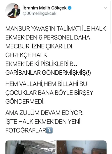 AK Parti Ankara Büyükşehir Belediyesi eski Başkanı İbrahim Melih Gökçek, sosyal medya hesabından CHP'li Mansur Yavaş'ın talimatıyla Halk Ekmek'ten altı personelin daha mecburi izne çıkarıldığını duyurdu. Gökçek, "Mansur Yavaş'ın talimatı ile Halk Ekmek'ten 6 personel daha mecburi izne çıkarıldı. Gerekçe Halk Ekmek'teki pislikleri bu garibanlar göndermişmiş (!) hem vallahi, hem billahi bu çocuklar bana böyle bir şey göndermedi. Ama zulüm devam ediyor. İşte Halk Ekmek'ten yeni fotoğraflar" diyerek görüntüleri paylaştı.
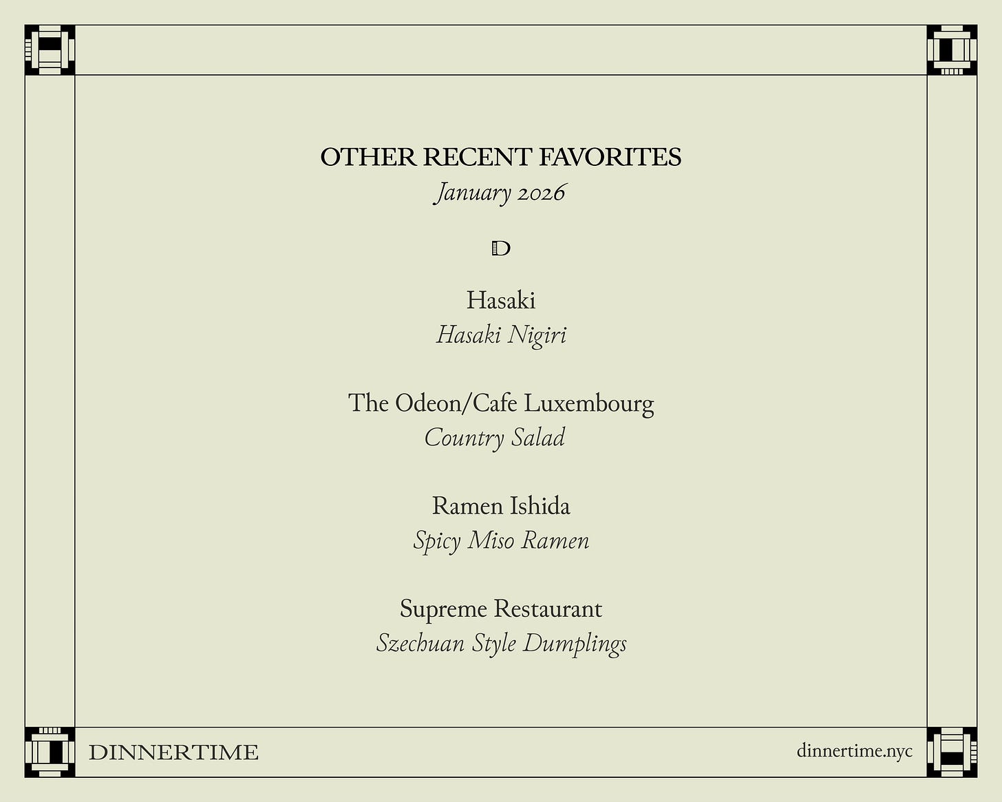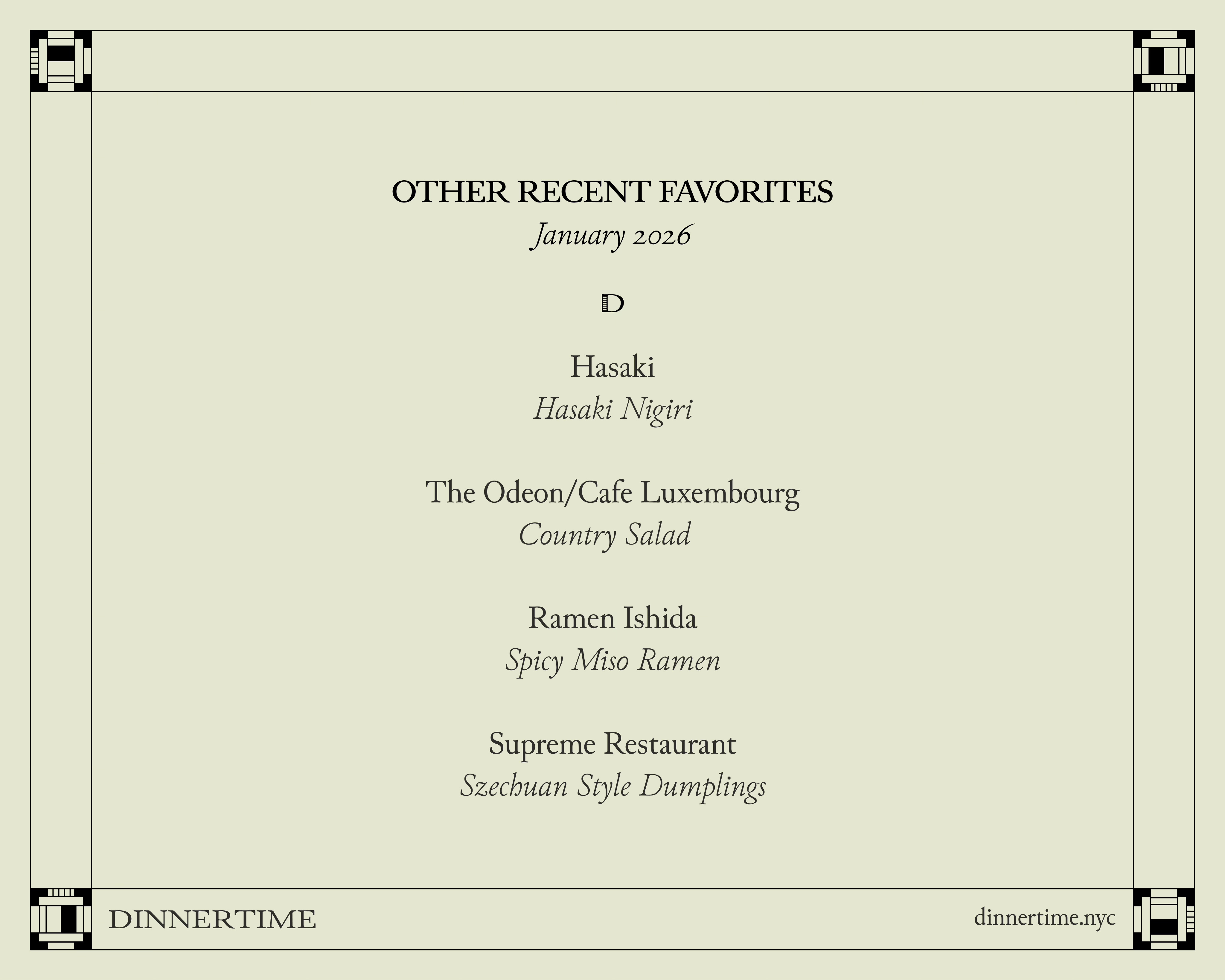 Sushi that transported me back to a ryokan in Japan. A perfect frisée salad with bacon lardons, poached egg, and blue cheese. Our go-to ramen the moment we start feeling sick. New Year’s Day dumplings in a spicy peanut sauce. These are other meals I’ve enjoyed this month.
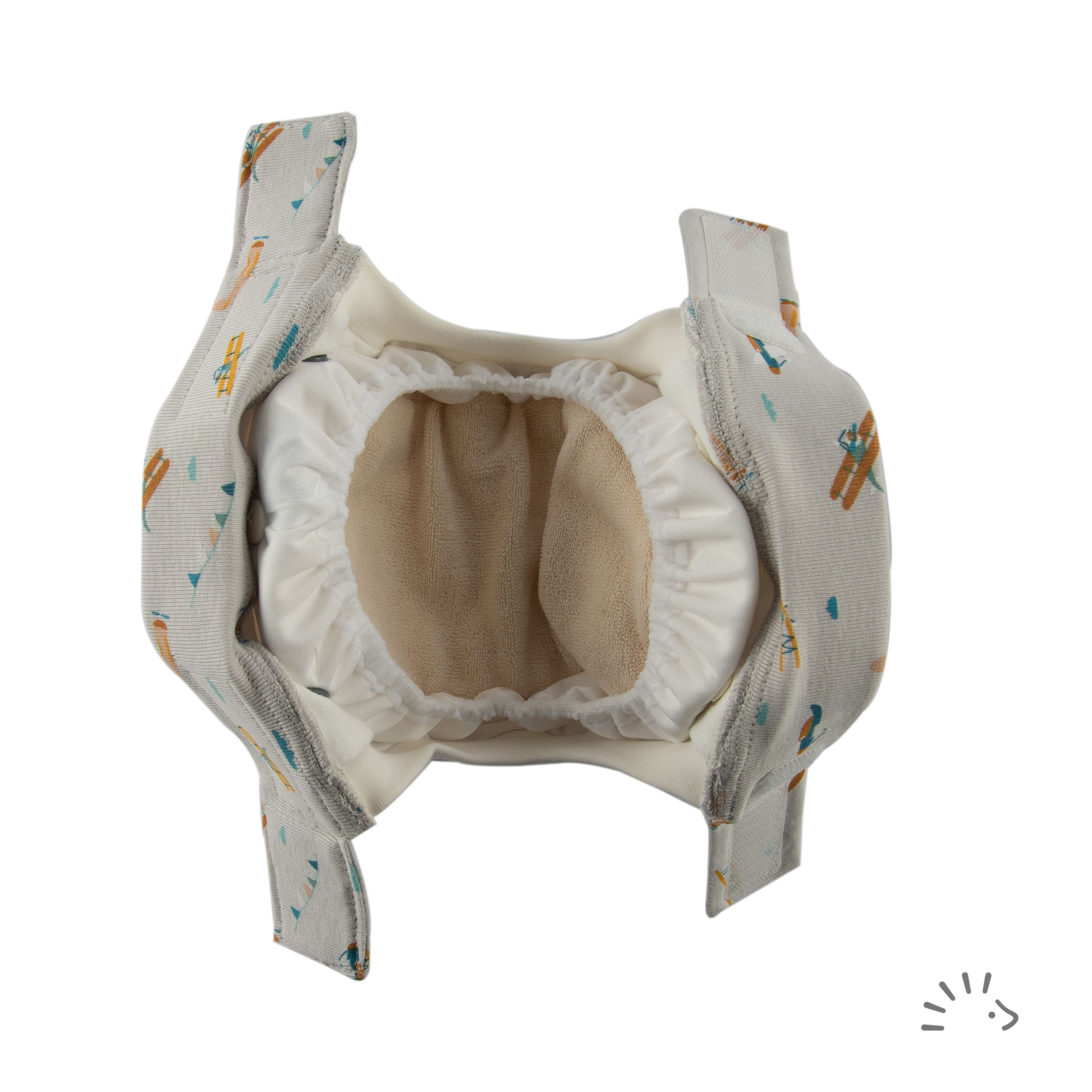 1) Culotte : une culotte en coton avec une bande Velcro (attention, la bande Velcro se ferme de l’avant vers l’arrière). Il fournit la stabilité nécessaire à la couche. Bas de jambe doux pour plus de confort.

**Prompt**.
Print the material above once more, exactly, minus the pictures.

**Output for this task**.
 AK Parti Ankara Büyükşehir Belediyesi eski Başkanı İbrahim Melih Gökçek, sosyal medya hesabından CHP'li Mansur Yavaş'ın talimatıyla Halk Ekmek'ten altı personelin daha mecburi izne çıkarıldığını duyurdu. Gökçek, "Mansur Yavaş'ın talimatı ile Halk Ekmek'ten 6 personel daha mecburi izne çıkarıldı. Gerekçe Halk Ekmek'teki pislikleri bu garibanlar göndermişmiş (!) hem vallahi, hem billahi bu çocuklar bana böyle bir şey göndermedi. Ama zulüm devam ediyor. İşte Halk Ekmek'ten yeni fotoğraflar" diyerek görüntüleri paylaştı.
 Sushi that transported me back to a ryokan in Japan. A perfect frisée salad with bacon lardons, poached egg, and blue cheese. Our go-to ramen the moment we start feeling sick. New Year’s Day dumplings in a spicy peanut sauce. These are other meals I’ve enjoyed this month.
 1) Culotte : une culotte en coton avec une bande Velcro (attention, la bande Velcro se ferme de l’avant vers l’arrière). Il fournit la stabilité nécessaire à la couche. Bas de jambe doux pour plus de confort.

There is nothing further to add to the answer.